This formula takes the absolute difference between the scores of the two teams, adds 1, and computes the base-10 logarithm of the result. This value is then cubed and 2 is added to the result to obtain the final value of the point factor.

FIGURE V: Point Factor | Chart by the author

Final Rating Calculation

After adjusting all the necessary variables, an improved formula was developed to calculate the new ranking of each player involved in a game.

Each player’s rating now takes into account their previous rating, the rating of their opponents, the impact of their teammates, their playing history, and the score of the game. This formula ensures that each player is rewarded according to their true performance, taking into account the fairness of each match.

Going off of the previous example, the new formula for player A’s ranking is the following:

This improved formula rewards players based on their actual performance, encourages risk taking and provides a more balanced rating system for both new and experienced players.

Now that we have an Elo algorithm, we can move on to database modeling.

The proposed database model adopts a relational approach, organizing data into interconnected tables through the use of Primary Keys (PKs) and Foreign Keys (FKs). This structured organization facilitates data management and analysis, making PostgreSQL an appropriate choice as the database management system. PKs and FKs help maintain data consistency and minimize redundancy within the database.

FIGURE VI: Diagram Model of the Database | Image by the author

Two types of relationships exist between tables in this database model: one-to-many and many-to-many.

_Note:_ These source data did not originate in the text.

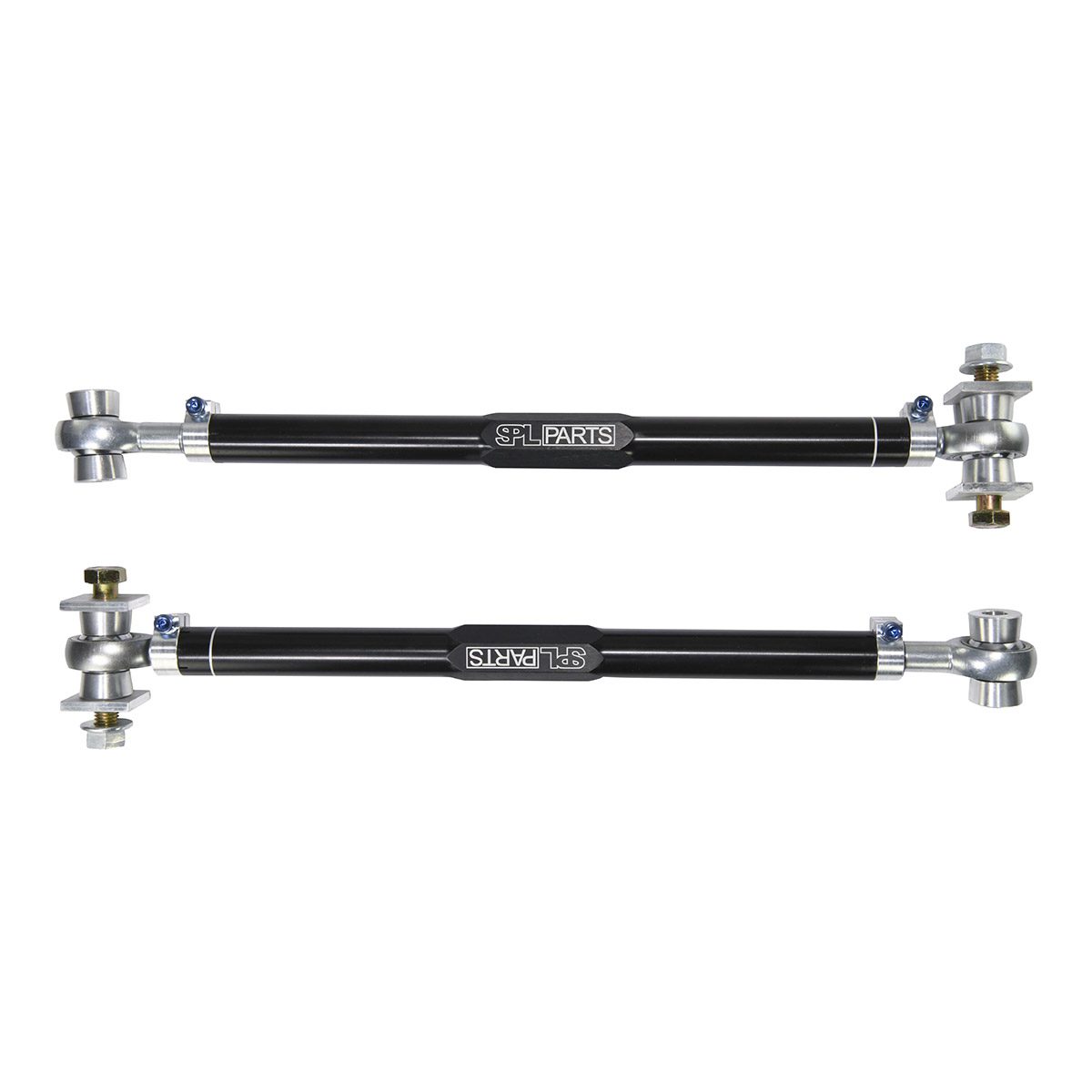 SPL Parts’ Rear Toe Arms (RTA) enhance stability and responsiveness by eliminating bushing deflection while offering an extended range of rear toe adjustment, essential for lowered vehicles or performance-oriented alignments. Even minor adjustments to ride height and camber affect toe settings, and the wide range of adjustment provided by SPL Parts allows for maximizing grip on track cars and extending tire life on street cars. The OEM rear toe arms use an eccentric bolt and washer for adjustment, lacking the precision and range that SPL Parts’ Rear Toe Links deliver. Black anodized and gun-drilled 2024 aluminum main links, combined with the 360-degree rotating clamp design, enable fast and precise adjustments.
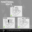 Můžeme bez problémů sklopit opěradla, abychom zvětšili prostor pro zavazadla.Potahy nemají výřezy na pásy a zadní opěrky hlavy kvůli určení pro různé modely aut. Je nutné samostatně provést potřebné otvory po důkladném přizpůsobení a montáži.
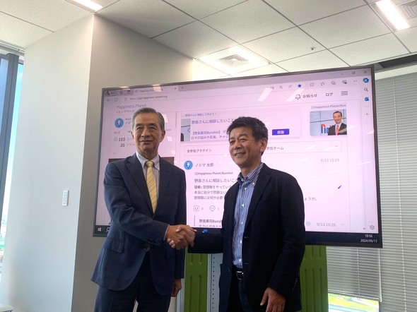 社長の分身の正式名称は「Bunshin×野島廣司」。社内向けの人材育成やコミュニケーションツールとしての活用を想定し、2020年設立の日立製作所子会社、ハピネスプラネット(東京都国分寺市)と共同で開発した。
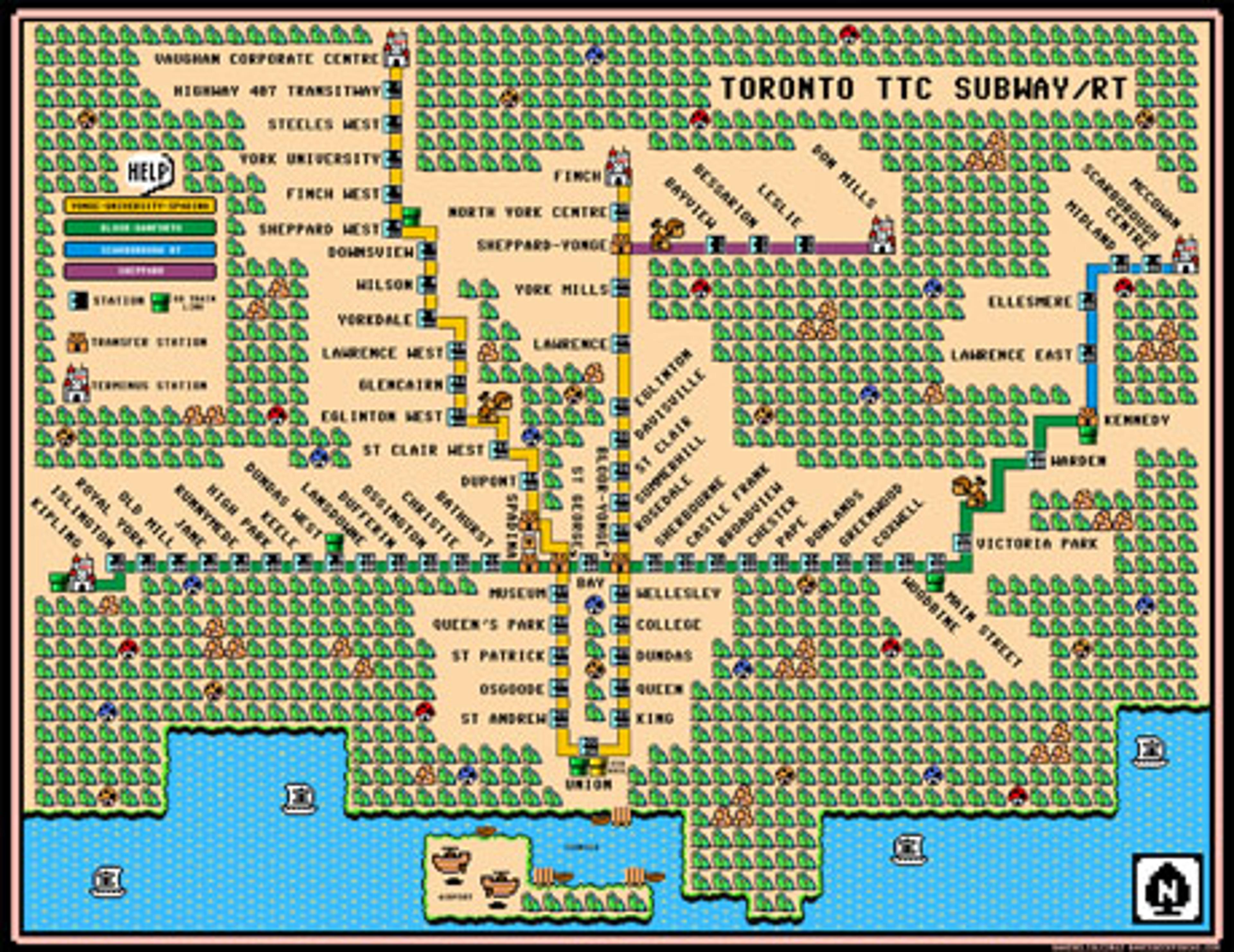 Toronto TTC Subway/RT Map – Super Mario 3 Style — The Nor Collection | Nor

The relationship between the ‘Player’ table and the ‘Match’ table is many-to-many since a player can participate in numerous matches, and multiple players can be involved in a single match. A junction table called ‘PlayerMatch’ bridges this relationship, containing two foreign keys: ‘player_id’ (referencing the participating player) and ‘match_id’ (referencing the corresponding match).

This structure ensures the accurate association of players and matches as demonstrated in the code below:

CREATE TABLE PlayerMatch (
player_match_id serial PRIMARY KEY,
player_id INT NOT NULL REFERENCES Player(player_id),
match_id INT NOT NULL REFERENCES Match(match_id)
);

A similar logic applies to the ‘TeamMatch’ table, which serves as a junction between the ‘Match’ and ‘Team’ tables, allowing multiple teams to play one match and one match to involve multiple teams.

Separate tables for ‘PlayerRating’ and ‘TeamRating’ have been designed to streamline ranking analysis over time. These tables connect to the ‘PlayerMatch’ and ’TeamMatch’ tables respectively through ‘player_match_id’ and ‘team_match_id’.

Data Integrity

In addition to the use of PKs and FKs, this database model also uses appropriate data types and CHECK constraints for data integrity:

The ‘winning_team_score’ and ‘losing_team_score’ columns in the ‘Match’ table are integers, preventing non-numeric entries
CHECK constraints enforce that the ‘winning_team_score’ is exactly 11
CHECK constraints enforce that the ‘losing_team_score’ is between 0 and 10, adhering to the game rules

As seen in the code chunk below, the use of sequences for each primary key has been implemented in the database creation to facilitate data entry. This automation simplifies the overall procedure when later using the Python loop for the data entry process.

CREATE SEQUENCE player_id_seq START 1;
CREATE SEQUENCE team_id_seq START 1;
CREATE SEQUENCE match_id_seq START 1;
CREATE SEQUENCE player_match_id_seq START 1;
CREATE SEQUENCE player_rating_id_seq START 1;
CREATE SEQUENCE team_match_id_seq START 1;
CREATE SEQUENCE team_rating_id_seq START 1;

Data Processing

The main challenge was to find a way to process the match data in a sequence that would allow for the retrieval of the IDs from the initial data that was being processed and inserted into the database.

These particular IDs could then serve as foreign keys to manage the remaining data, creating the necessary relationships in the process. In other words, the first step was to identify and store specific data (IDs) from the raw data, and then use these IDs as a bridge to link and process the rest of the data.

The data was processed step by step, using increasingly complex Python loops. Each new entry was assigned a unique primary key generated from the table’s sequence.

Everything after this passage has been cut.